Also, people have drawn a comparison between the way Sanders was refused service for her political positions and the way some businesses have sought to refuse service to homosexuals, claiming “religious freedom.” As far as detractors on the right are concerned, this is just bigotry on the part of the left, but this is a false equivalency; since it has come up frequently enough, it’s worth addressing. Sanders chose her line of work and accepted her current position, and continues to serve as Press Secretary of her own volition. Gays and lesbians, on the other hand, don’t choose to be gay. It’s who they are. The best argument one can try to make is that Sanders, were she to proverbially fall on her sword, would put her career and her livelihood at risk. Still, that’s a stretch when considering the ostracism members of the LGBTQ community have faced over time.

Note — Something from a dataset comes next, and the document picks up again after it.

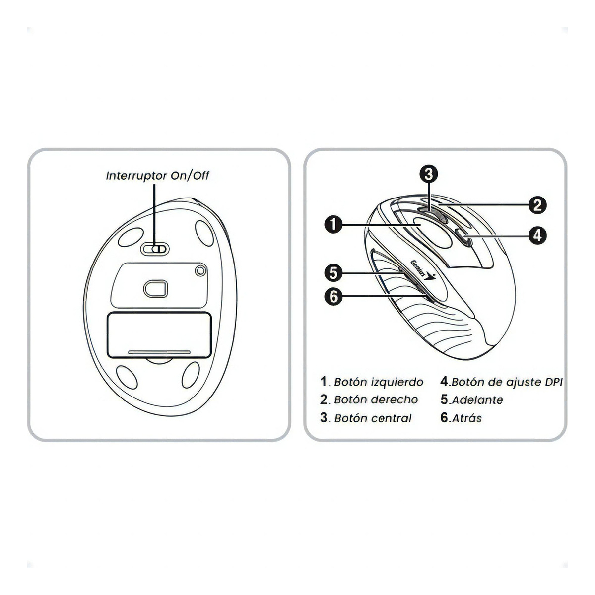 Resolucion 800 / 1200 / 1600 DPI Alimentacion 1 pila AA Modelo Ergo 8250S Tipo Optico Interfaz 2.4 GHz Botones 6 Puerto USB Alcance 10 metros (sin interrumpir) Medidas 111.2 x 78.3 x 73.8 mm Peso 97 gr

The issue that appears to loom largest here, however, is the matter of whether or not owners of establishments should refuse service to patrons based on their political beliefs or their association with a disinformation machine like the Trump White House. This is where I’m a little unsure that Stephanie Wilkinson’s choice is the right one. Now, it’s one thing if Sanders and her group were actively trying to cause distress to members of the staff or other patrons, or they were trying to espouse discriminatory views. If I were a restaurant owner, I wouldn’t want, say, Ku Klux Klan members waltzing into my place and ordering cheese and crackers. There are limits to freedom of expression, to be sure.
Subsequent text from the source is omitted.